Press Release
Saturday Press Conference, Sebastopol, Ca. Senior Center
Nurses to Join Assembly member Marc Levine in Call to Stop Closure of Palm Drive Hospital
Assembly member Marc Levine will join with Palm Drive Hospital registered nurses in a press conference Saturday, April 5 to step up opposition to the threatened closure of Palm Drive Hospital in Sebastopol, Ca. north of San Francisco.
The press conference will be held at 11:30 a.m. Saturday at the Sebastopol Senior Center, 167 N. High St.
“Palm Drive Hospital delivers critical health care services to residents in West County and is the only option for this community,” said Marc Levine.
“We must also recognize that the hospital is the largest employer in Sebastopol. The hospital’s continued operations are crucial to the economic vitality of the City and West County as a whole. For these reasons, I am authoring AB 582. This bill will allow Palm Drive Hospital to lower its interests costs. This bill will enable the hospital to live within its budget and to continue providing health care services to the community,” Levine said.
Palm Drive RNs also plan to leaflet community members Sunday at a Sebastopol farmers market at noon, and are asking local residents to join them at the next meeting of the Palm Drive Health Care District Board Monday night, April 6 to voice public opposition to the closure.
Last week the board voted to authorize a Chapter 9 bankruptcy for the hospital as part of a management scheme to shutter the emergency room and then end all acute care inpatient services, steps that the RNs say would abandon scores of western Sonoma County residents and put them at risk.
Monday’s board meeting is at 5:30 p.m. at the Sebastopol Community Church Memorial Hall, 1000 Gravenstein Hwy North in Sebastopol.
In flyers the nurses are disseminating, they cite five major reasons the hospital must remain open:
- Death rates increase when Emergency Rooms close.

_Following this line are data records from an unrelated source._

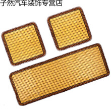 适用汽车坐垫单张凉席通用无靠背竹片四方垫单件防滑凉垫小三件套竹块2021夏季新款汽车座椅套 竹片米色三件套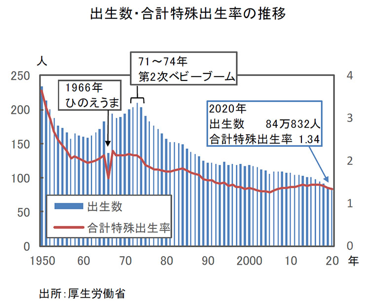 神様:コロナの影響もありますが、それだけではないでしょう。内閣府では過去に、日本の少子化の背景について言及し、なぜ少子化が深刻化しているのか?という問いに答えています。戦後の日本は経済成長による所得水準の向上などにより、豊かな生活環境が整いました。多産多死から少産少死へ人口転換が進み、第一次ベビーブーム、第二次ベビーブームを経て人口の自然増加率をゼロとする静止人口を目指す考え方が普及し、出生数が減少し続けるようになりました。一方で1980年以降では、デフレが慢性化し、不安定な低賃金の非正規雇用者の増加などが未婚化を促進しています。さらに、女性の就業率の高まりや結婚・出産の機会費用の増大、結婚・出産に対する価値観の変化などもあり、非婚化・晩婚化・晩産化が進んでいるのが現状です。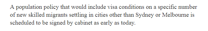 这项政策可能在昨天晚上已经交给了内阁进行签署,具体条款还没有公布,但应该包括对特定数量的技术移民添加居住城市的限制,只能选择除了墨尔本和悉尼以外的城市居住。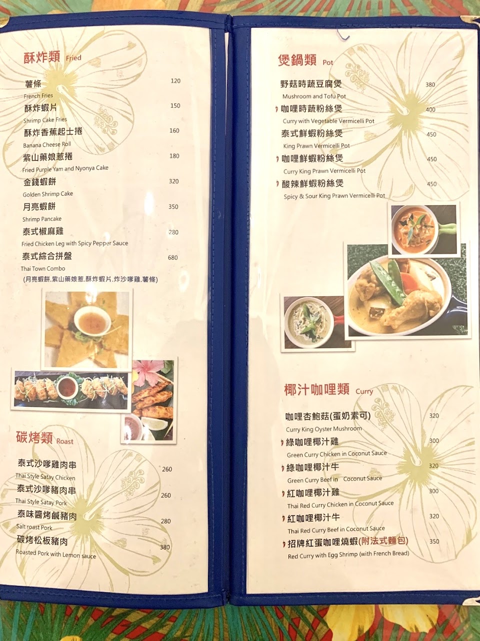 八里的老餐廳,應該開了有十年第一次進去吃,基本上氣氛營造不錯,服務也很好,可是菜蠻鹹的,口味比較台式,而且我覺得沒有一道菜我覺得好吃。椒麻雞不知為何有點苦味,然後打拋諸的口味是我吃過最特殊的。青菜跟綠咖哩雞就一般,不過綠咖哩還是味道稍稀了一點。加上一份排骨湯這樣大約1500多,加一成1700多。

In 2012, more than 6,800 patients went to the Palm Drive ER, which accounted for 70 percent of all the hospital’s admissions. “Where will these patients go,” the RNs ask.
- In the event of an ER shutdown, all critical care beds will be lost. Hospitals must have both an ER and critical care beds to retain a state license to operate as an acute care facility.
- Without a local hospital, residents of Sebastopol and western Sonoma County will be at greater risk. A full 85 percent of all patient discharges at Palm Drive were patients over 50, 68 percent are over 60 or older.
- Public transportation to other county hospitals is not a viable option. Travel times by public transit takes far longer for patients having to travel to longer distances for care, and there is limited weekend service
- Poor access for rural residents. Many Palm Drive patients come from areas of Western Sonoma County, such as Bodega Bay, Forestville, and Guerneville that are even farther from hospitals in Santa Rosa or Petaluma putting them at even greater risk.